No, nobody should just "get" over it. This was a powerful outpouring over a
very difficult, and very complex, issue.

I'm going to make a possible unpopular series of statements but first I want
to get the following out:

What happened (over and over again) was horrible and should never have
happened and there's no excuse for it. All of those responsible should be
punished severely. I mean this in the strongest possible way. Nobody has the
right to do this to another person and no victim should ever be to blame. It
is _critically_ important for any victim of rape and physical or sexual abuse
to report it to the police.

Now on to the possible unpopular part, which I think I should motivate a
little lest it seem I'm being callous.

Some select statistics [1]:

\- According to the National Victim Center, 683,000 women are raped each year.
(1992)

\- Sexual assault is reported by 33-46% of women who are being physically
assaulted by their husbands. (AMA 1995)

\- 6 out of 10 rapes are reported by victims to have occurred in their own
home or home of a friend, relative or neighbor. (US Dept. of Justice 1997)

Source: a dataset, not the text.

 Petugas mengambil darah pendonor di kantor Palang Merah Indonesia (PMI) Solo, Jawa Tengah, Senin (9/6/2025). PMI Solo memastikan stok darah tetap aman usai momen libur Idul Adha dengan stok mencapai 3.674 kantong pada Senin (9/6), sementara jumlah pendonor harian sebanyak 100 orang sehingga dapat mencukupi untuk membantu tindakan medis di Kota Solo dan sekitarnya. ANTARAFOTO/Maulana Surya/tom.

\- In a study of 6,000 students at 32 colleges in the US, 42% of rape victims
told no-one and only 5% reported it to the police. (Warshaw 1994)

\- Only 2% of rapists are convicted and imprisoned. (US Senate Judiciary
Committee 1993)

\- 77% of rapes are committed by someone known to the person raped. (Bureau of
Justice Statistics 1997)

\- _In a 1999 longitudinal study of 3,000 women, researchers found women who
had been victimized before were seven times more likely to be raped again.
(Acierno, Resnick, Kilpatrick, Saunders and Best, Jnl. of Anxiety Disorders
13, 6.)_

Now the possibly unpopular part:

When I was growing up, there was a popular radio show on called Loveline (it
might still be on) hosted by Dr. Drew Pinsky (an addiction medicine
specialist) and Adam Carolla. As a teen it was fun to listen to people calling
in with various oddball sex and relationship questions. But about once a show,
some poor girl would call in with a sad story about all the abusive boyfriends
they had had. _Every Single Time_ Dr. Drew would ask the question "who abused
you when you were little?" and _every single time_ there was somebody in the
girl's family who had physically, emotionally or sexually abused her.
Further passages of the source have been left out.